**Action item**. Copy all the records exactly, but keep the pictures out of your version.

*** Information shown

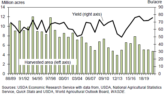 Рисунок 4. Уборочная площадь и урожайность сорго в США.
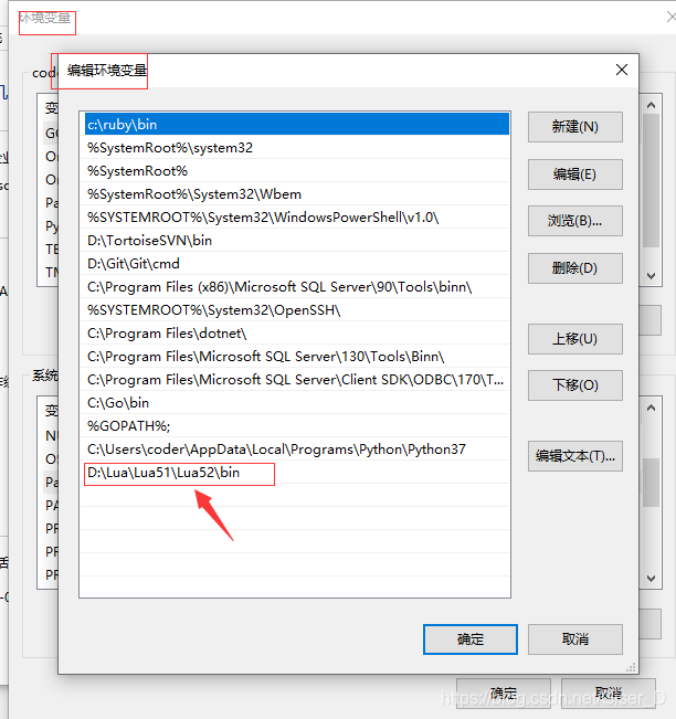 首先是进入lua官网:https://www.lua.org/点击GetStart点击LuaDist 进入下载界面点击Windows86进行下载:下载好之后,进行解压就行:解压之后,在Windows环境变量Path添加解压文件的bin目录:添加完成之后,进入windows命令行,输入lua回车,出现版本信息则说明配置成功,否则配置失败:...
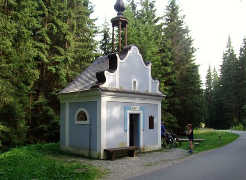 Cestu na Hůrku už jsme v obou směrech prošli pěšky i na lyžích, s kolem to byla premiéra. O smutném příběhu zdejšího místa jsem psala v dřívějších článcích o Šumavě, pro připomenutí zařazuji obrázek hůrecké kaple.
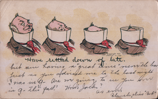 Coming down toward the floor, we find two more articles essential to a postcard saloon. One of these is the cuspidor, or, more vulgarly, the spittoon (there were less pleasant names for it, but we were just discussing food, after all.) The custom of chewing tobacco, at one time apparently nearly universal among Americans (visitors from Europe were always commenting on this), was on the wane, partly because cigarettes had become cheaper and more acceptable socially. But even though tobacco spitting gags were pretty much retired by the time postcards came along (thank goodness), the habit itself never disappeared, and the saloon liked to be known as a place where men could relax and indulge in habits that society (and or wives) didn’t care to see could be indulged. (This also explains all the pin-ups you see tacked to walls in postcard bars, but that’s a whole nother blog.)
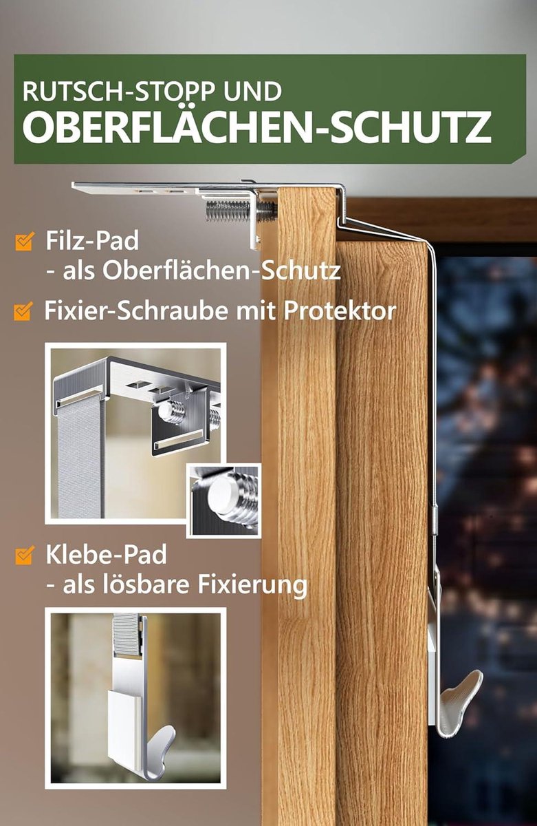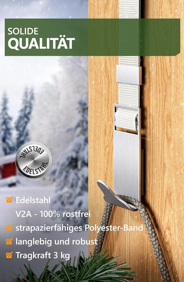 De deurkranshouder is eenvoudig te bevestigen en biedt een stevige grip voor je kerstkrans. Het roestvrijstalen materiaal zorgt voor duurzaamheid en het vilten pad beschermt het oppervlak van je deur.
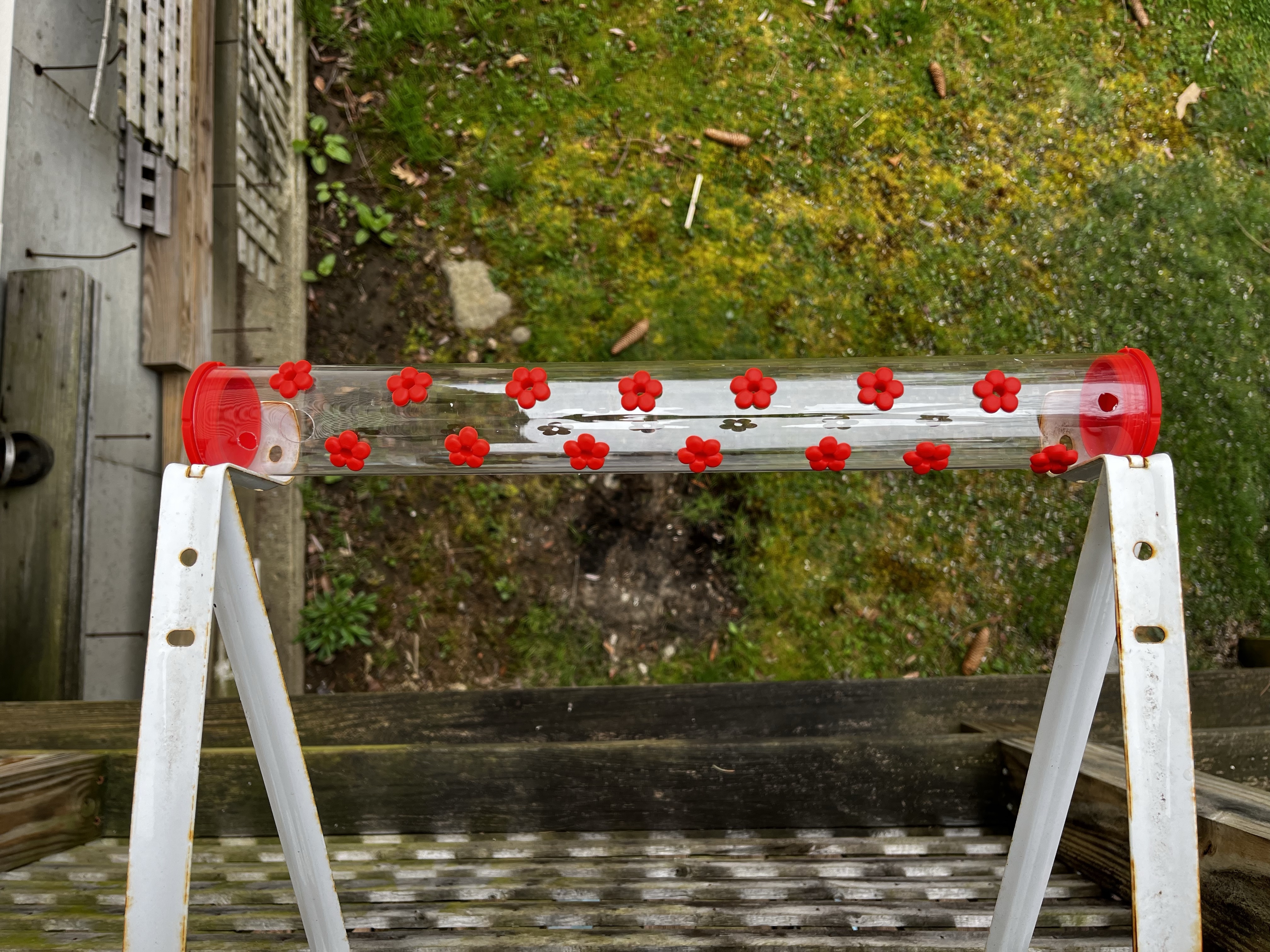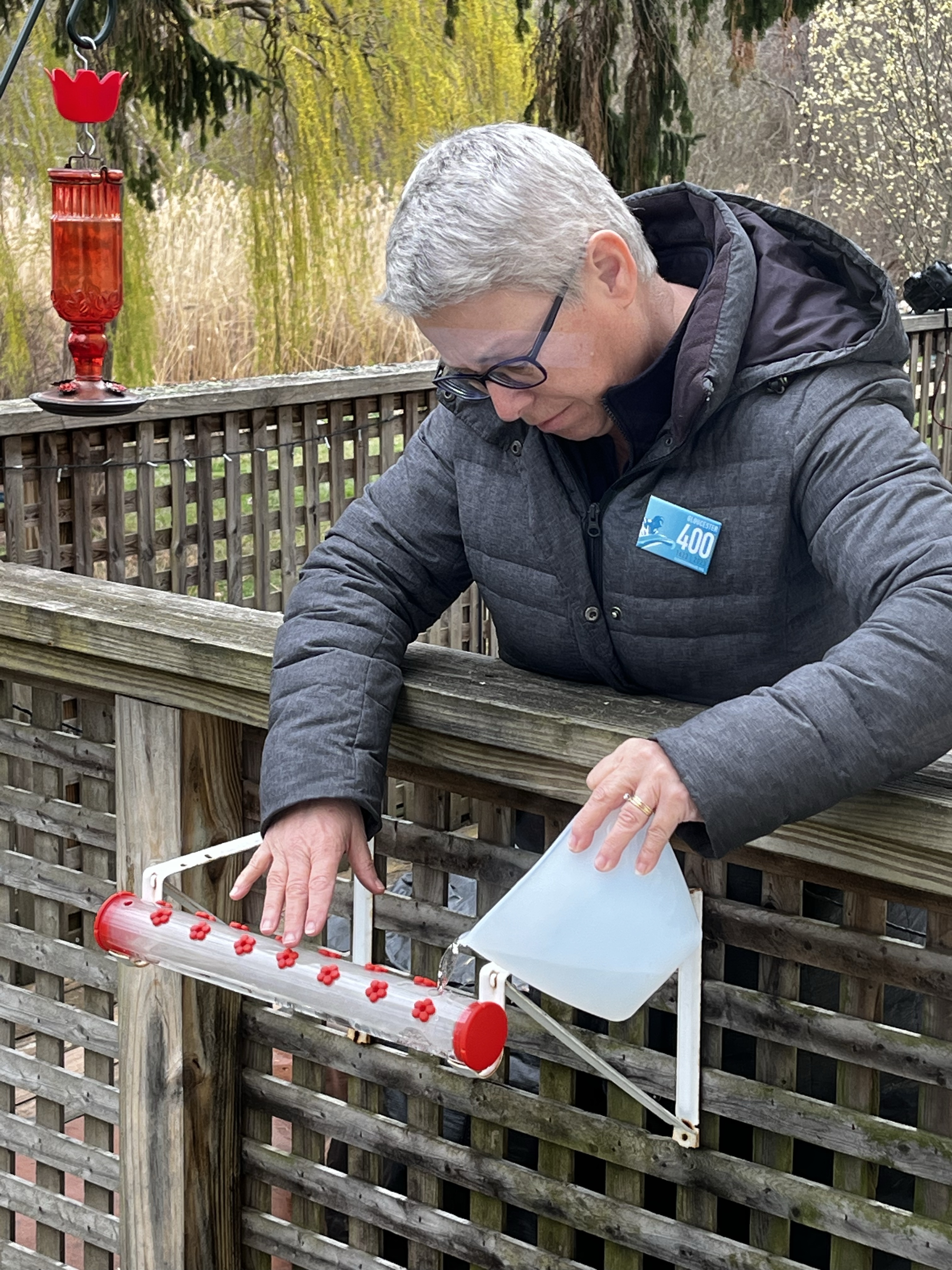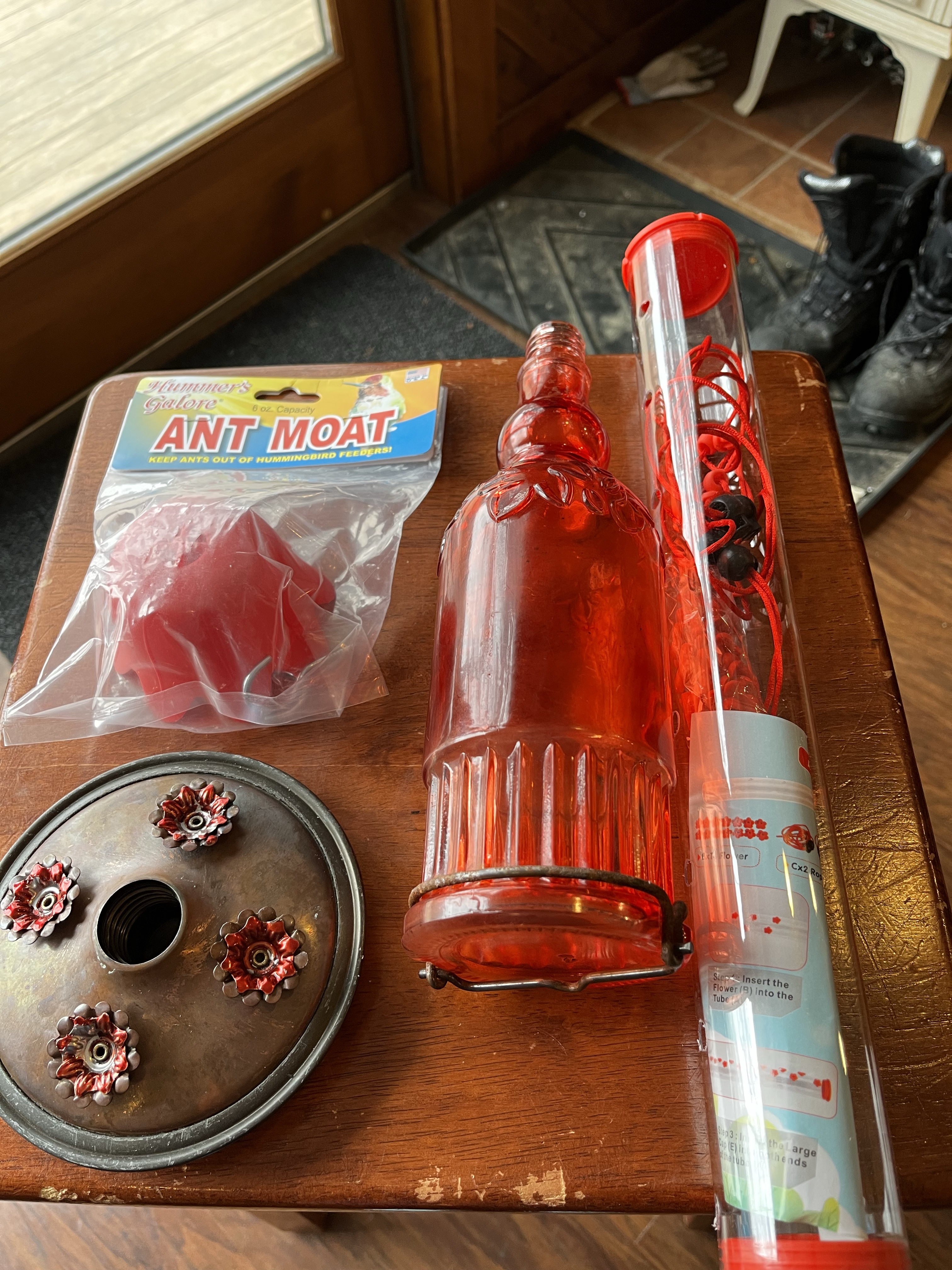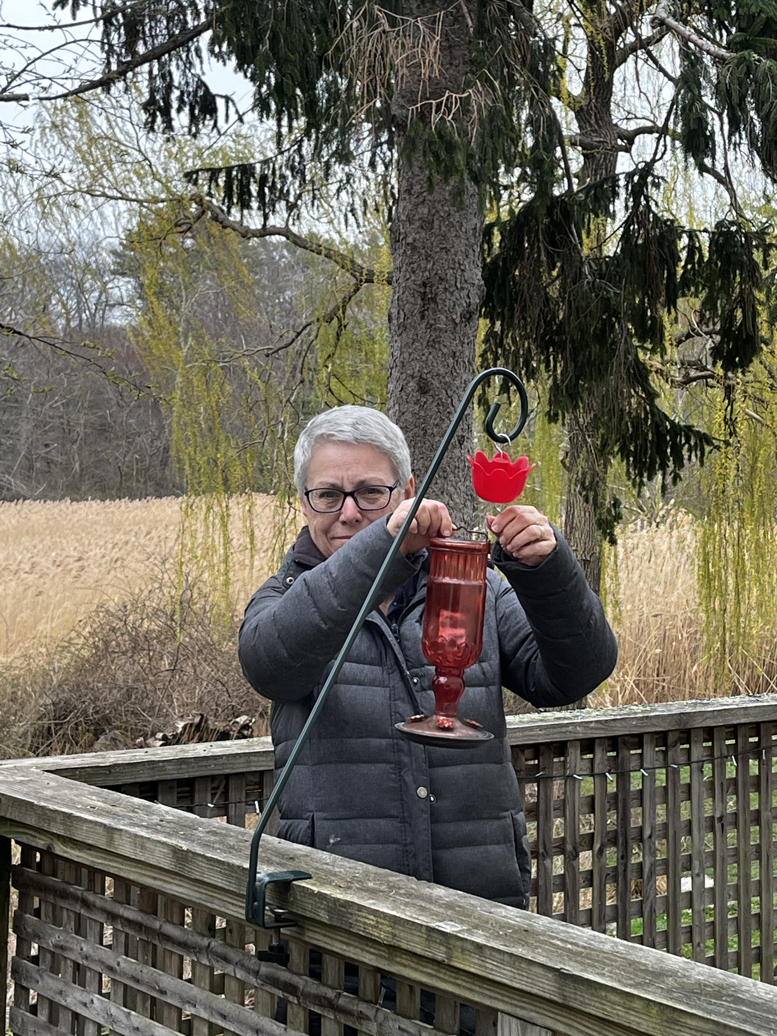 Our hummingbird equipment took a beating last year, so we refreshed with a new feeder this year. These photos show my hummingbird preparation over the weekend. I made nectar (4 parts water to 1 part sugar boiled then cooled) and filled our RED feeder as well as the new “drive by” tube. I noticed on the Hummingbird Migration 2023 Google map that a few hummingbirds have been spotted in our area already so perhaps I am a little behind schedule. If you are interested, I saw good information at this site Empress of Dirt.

******

**Task output**.
 Рисунок 4. Уборочная площадь и урожайность сорго в США.
 首先是进入lua官网:https://www.lua.org/点击GetStart点击LuaDist 进入下载界面点击Windows86进行下载:下载好之后,进行解压就行:解压之后,在Windows环境变量Path添加解压文件的bin目录:添加完成之后,进入windows命令行,输入lua回车,出现版本信息则说明配置成功,否则配置失败:...
 Cestu na Hůrku už jsme v obou směrech prošli pěšky i na lyžích, s kolem to byla premiéra. O smutném příběhu zdejšího místa jsem psala v dřívějších článcích o Šumavě, pro připomenutí zařazuji obrázek hůrecké kaple.
 Coming down toward the floor, we find two more articles essential to a postcard saloon. One of these is the cuspidor, or, more vulgarly, the spittoon (there were less pleasant names for it, but we were just discussing food, after all.) The custom of chewing tobacco, at one time apparently nearly universal among Americans (visitors from Europe were always commenting on this), was on the wane, partly because cigarettes had become cheaper and more acceptable socially. But even though tobacco spitting gags were pretty much retired by the time postcards came along (thank goodness), the habit itself never disappeared, and the saloon liked to be known as a place where men could relax and indulge in habits that society (and or wives) didn’t care to see could be indulged. (This also explains all the pin-ups you see tacked to walls in postcard bars, but that’s a whole nother blog.)
 De deurkranshouder is eenvoudig te bevestigen en biedt een stevige grip voor je kerstkrans. Het roestvrijstalen materiaal zorgt voor duurzaamheid en het vilten pad beschermt het oppervlak van je deur.
 Our hummingbird equipment took a beating last year, so we refreshed with a new feeder this year. These photos show my hummingbird preparation over the weekend. I made nectar (4 parts water to 1 part sugar boiled then cooled) and filled our RED feeder as well as the new “drive by” tube. I noticed on the Hummingbird Migration 2023 Google map that a few hummingbirds have been spotted in our area already so perhaps I am a little behind schedule. If you are interested, I saw good information at this site Empress of Dirt.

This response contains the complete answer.